Before running this notebook, you need to install Ollama and download a model. Follow the steps below.

### 1.1 Installing Ollama

**macOS:**
- Download the installer from [ollama.ai](https://ollama.ai)
- Open the downloaded file and follow the installation prompts

**Windows:**
- Download the installer from [ollama.ai](https://ollama.ai)
- Run the installer and follow the instructions

**Linux:**

In [None]:
%%bash
curl -fsSL https://ollama.ai/install.sh | sh

Verify your installation (Windows, Mac, and Linux):

In [None]:
%%bash
ollama --version

### 1.2 Downloading the TinyLlama Model

Download the TinyLlama model (about 600MB). There is a big catalog of models you can download from Ollama including DeepSeek and others, but TinyLlama is the smallest, which is good for demo purposes:

In [None]:
%%bash
ollama pull tinyllama:1.1b

## 2. Setting Up the Python Environment

Install the required packages. We will install Langchain, which is one of the most popular libraries to interacat with LLMs. Langchain-ollama allows us to interact with models locally. 

In [5]:
%%bash
pip install langchain langchain-ollama



## 3. Using the LLM with LangChain

The code below allows us to interact with the tinyllama model hosted locally on our computers. We are simply sending the following message to the model: "I love programming".

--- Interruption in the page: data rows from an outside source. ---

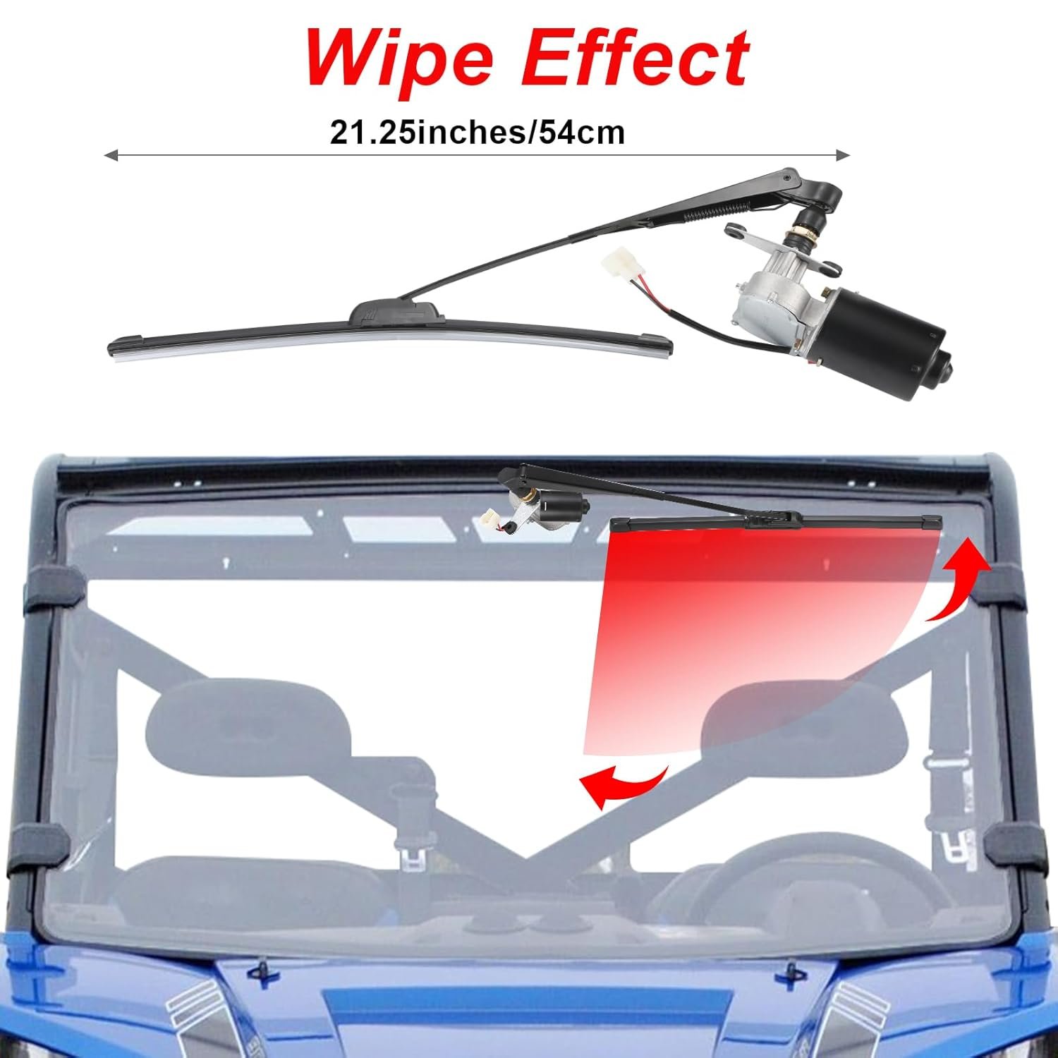 Electric UTV Windshield Wiper Kit, Universal 12V UTV Electric Windshield Wiper Motor Kit Compatible with Polaris RZR Ranger Mule Teryx, 16″ Windshield Wiper Blade, 90 Degree Wipe Motor
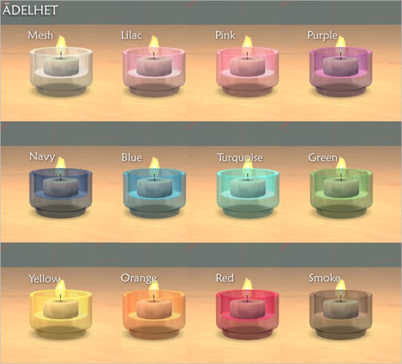 The tealight holders both come with twelve recolours. They aren’t repositoried, I had to map them slightly differently, but the recol files are tiny (between 2 and 4kb) so I don’t think they’ll break your game. πŸ˜‰
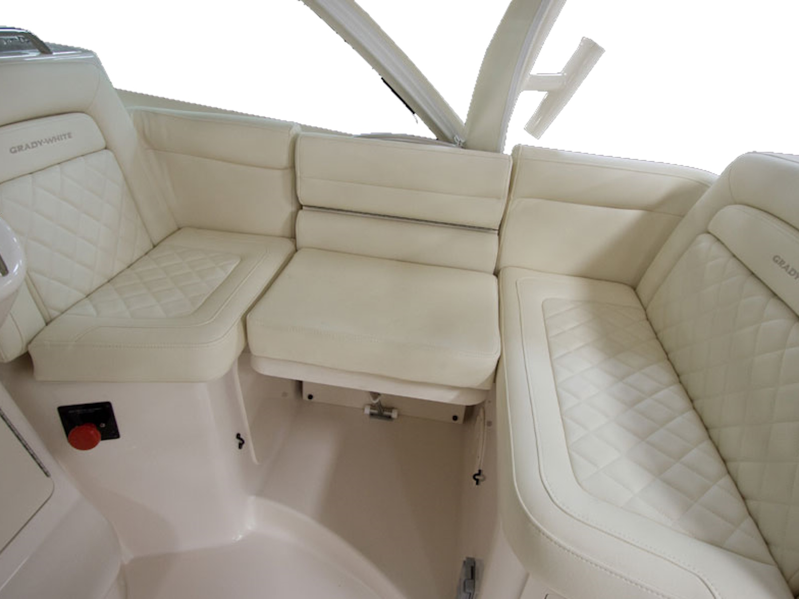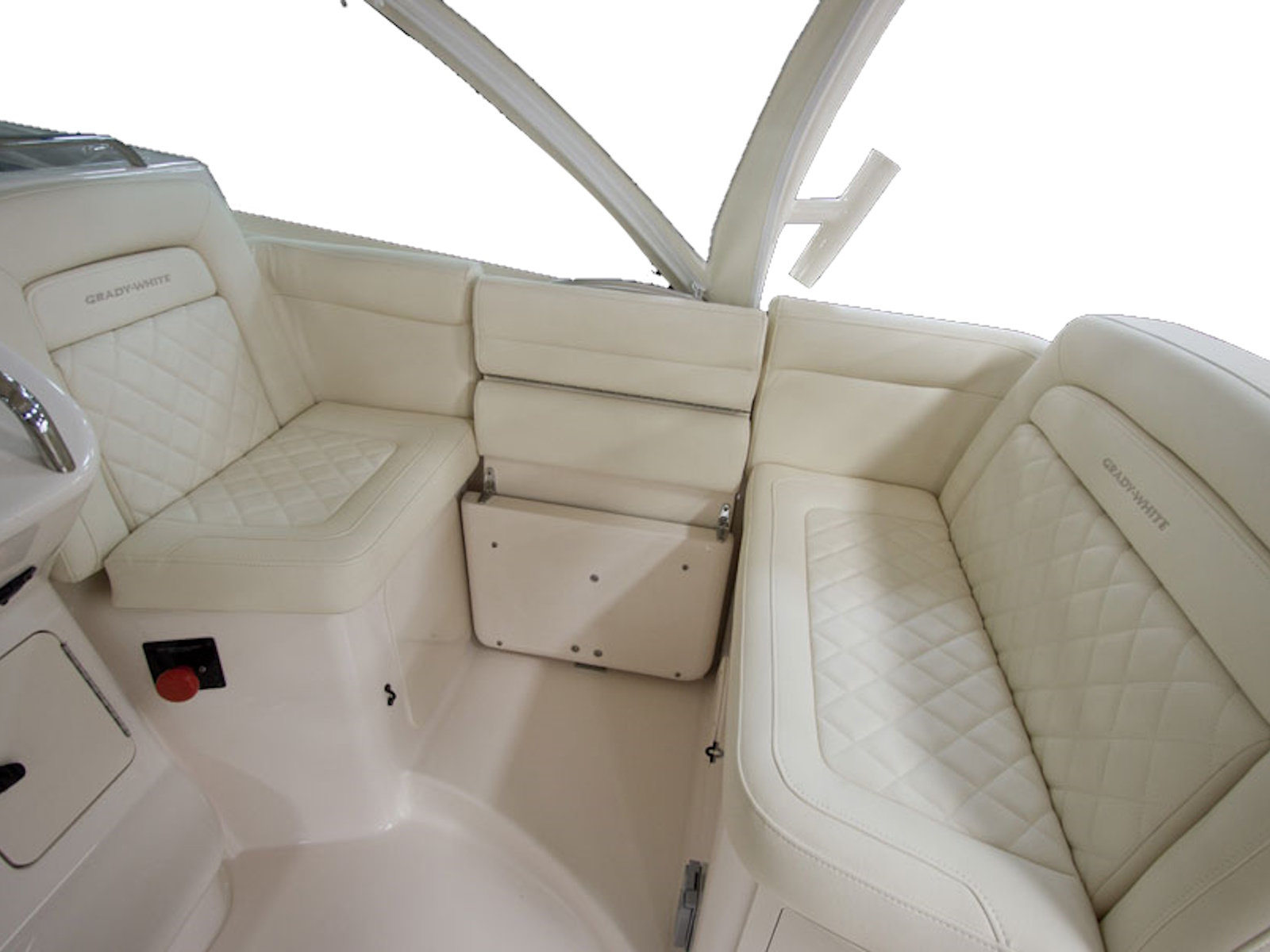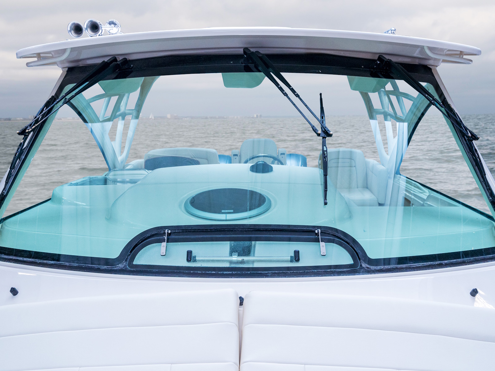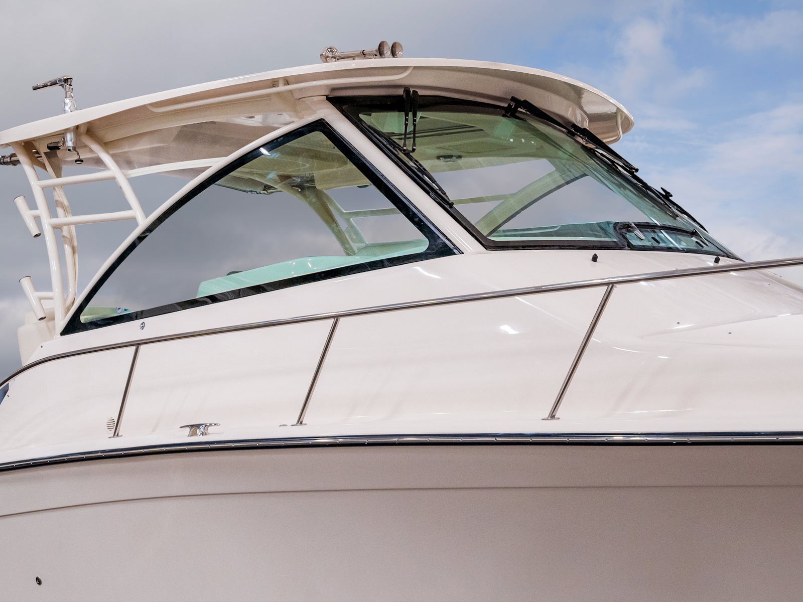 - Hardtop - AV²® enclosure w/painted aluminum frame, electromechanically sliding sunroof w/screen & shade, storage net, LED spreader lights, tri-colored (red, blue, white) LED recessed lights (8), storage compartments (2), side mounted rod holders (4), outrigger plates, SureShade® electrically retractable shade w/Sunbrella® canvas (oyster), Clear2Sea™ side curtains & drop curtains (ivory)

Please read the code comments if you want to understand exactly what's going on. 

In [6]:
# Import the libraries
from langchain_ollama import ChatOllama
from langchain_core.messages import AIMessage

# Initialize the LLM. This is when we pick the model and the temperature (which controls the randomness of the output). llm is what we will use to call the model.
llm = ChatOllama(
    model="tinyllama:1.1b",
    temperature=0,  # 0 for more deterministic outputs
)

# We need to provide an array of messages to the model. The first message is always the system message, which tells the model what it is. The second message is the human message, which is what we want to ask the model.
messages = [
    (
        "system",
        "You are a helpful assistant",
    ),
    ("human", "I love programming."),
]

# Send the array of messages to the model and get the response. The response is an AIMessage object, which contains the content of the message. Which we will print below.
ai_msg = llm.invoke(messages)

# Display the response
print(ai_msg.content)

I'm glad to hear that you enjoy programming! Here are some tips and resources to help you get started:

1. Learn the basics of programming: there are many online tutorials, books, and courses available that can help you learn the fundamentals of programming. Start with simple projects like creating a basic program in a language like python or javascript. 2. Join a community: join a programming community on social media or through a website like codecademy. This will give you access to a vast pool of resources and people who can help you learn and grow as a programmer. 3. Practice, practice, practice: the more you practice, the better you'll get at coding. Try to write your own programs and see how they work. You can also join online coding challenges or competitions to test your skills and improve your knowledge. 4. Take courses: if you have the time and money, consider taking a course in a programming language that interests you. This will give you a solid foundation of knowledge and 

## 4. Testing Different Prompts

Let's try a couple of examples to see what the model can do by changing the messaging array and using a different message:

In [7]:
# Ask for an explanation
messages = [
    (
        "system",
        "You are a helpful and informative AI assistant.",
    ),
    ("human", "Explain the concept of a neural network in simple terms."),
]

ai_msg = llm.invoke(messages)
print(ai_msg.content)

A neural network is a type of artificial intelligence (AI) system that mimics the way human brains process information. It consists of several layers of interconnected neurons, also known as nodes or units, which receive input data and produce output based on their connections to other nodes. The input data can be either numerical or categorical, and it is passed through a series of layers until it reaches the output layer.

In a neural network, each node in the network has a set of inputs (or weights) that determine its output. These weights are learned from training data, which consists of examples where each input is paired with an output. The weights are updated based on the output received by the neuron, and this process is repeated for all the nodes in the network.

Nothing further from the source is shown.